My parents’ cat makes his way across the bobbing mattress and settles in beside me. His body, curling into a U, jars the bed and wakes me up. I roll to my side and dip back to the floor. The air, pushing up behind my turning body, lifts the cat onto the crest of a wave and he slides down and rests against the small of my back. His purring vibrates my spine.

A new dream, I am in an airport, awaiting a last minute flight. The mayor of Baltimore—whose name and gender I don’t even know—has called me personally. “There are chickens loose in the city, Claire,” the mayor tells me. “We need you back now!” So I book myself on the first available flight, and take my sister with me, because she knows how to speak to chickens.

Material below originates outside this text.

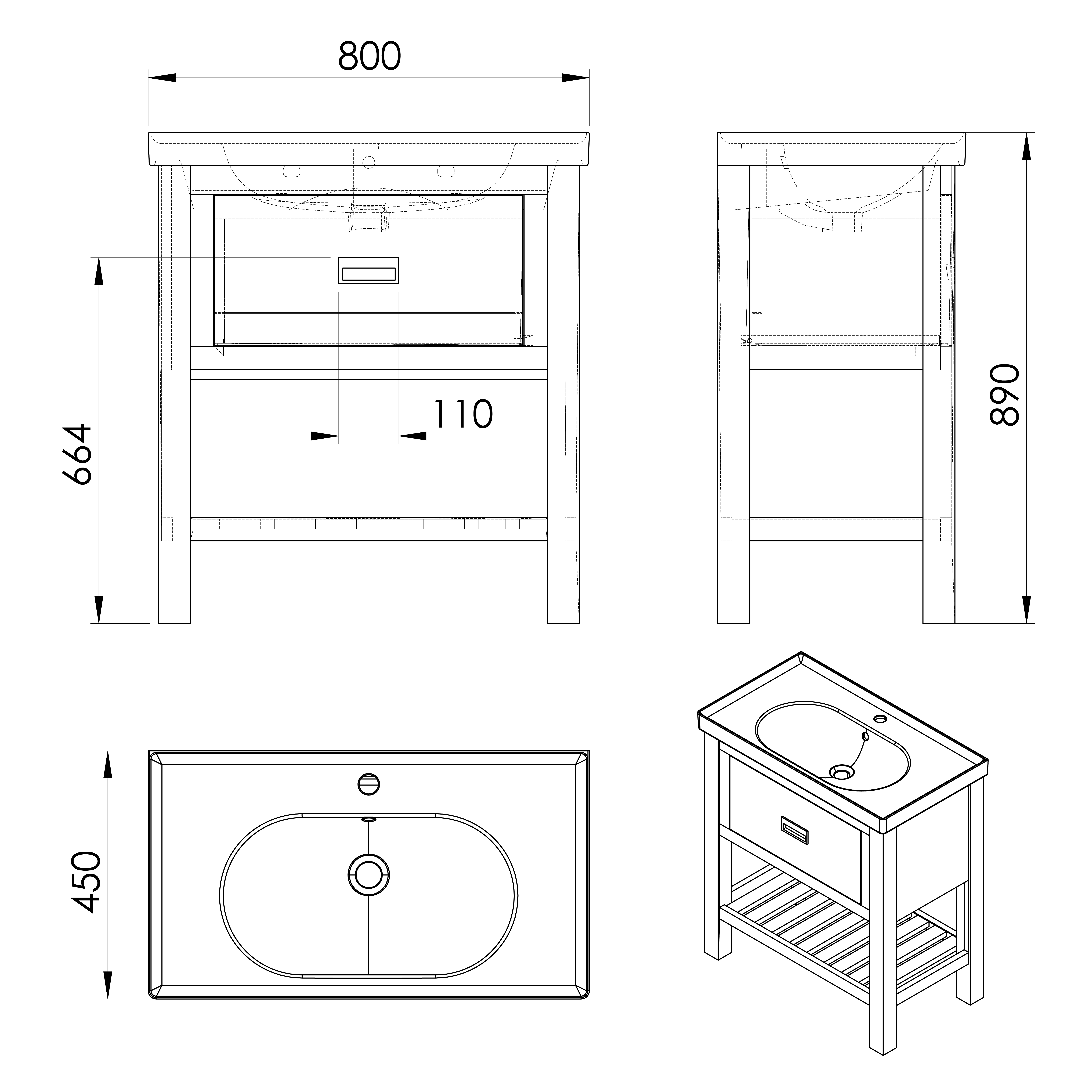 BRAND keramické umyvadlo 80x45cm, bílá TU0422

They’re running amok when we arrive. From BWI to Hampstead and all the way over to Highlandtown, chickens fill the neighborhoods of Baltimore like a poultry-themed Where’s Waldo. We find one dining at Acropolis in Greektown, eating Spanakopita and drinking a beer with a drawing of the Parthenon on the label. We stuff him into an over-priced garbage bag that I purchased at an airport newsstand and I carry him over my shoulder.

There is another one in the Inner Harbor, shopping for sports gear. He pauses in front of store window and adjusts the bill of his new Orioles cap. “Why don’t any sports teams have chickens as their mascots?” I ask my sister, and she has no idea. “What are we?” I cheer. “Chickens!”

“Sounds good to me,” my sister says, and we can’t fathom why the chicken, of all birds, has been so long ignored.

It takes us three hours to round them all up. Two have spent the afternoon barhopping through Fells Point and stumble up my apartment steps wobbly and hammered. I make them rest on the couch, place trash cans on the floor beneath them, just in case. Clucking fills my small apartment, feathers float around my head. “We should make them some nachos,” my sister says. “Chickens like that.”

I lay tortilla chips on a cookie sheet, cover them with black beans, shredded cheese. “There,” my sister says. “Now just put them in the oven to bake. Nachos, oven, make,” she adds. “Stair, cool, lake. Hey Claire are you awake?”

I blink my eyes open, and my sister’s face hovers before me like a mirage. “Claire,” she says. “Claire, it’s time to wake up.”

“Did you feed the chickens?” I ask her.

“What?”

“Did you feed the chickens?”

“Uh…yeah. I did,” she plays along. “Come on and get up.”

“Okay.” I roll onto my stomach and push up with my arms. The mattress collapses beneath my weight and sends a wave of air up and under the sleeping cat. He hisses and races from the room.

“I think this thing might be leaking,” I say. It is almost noon.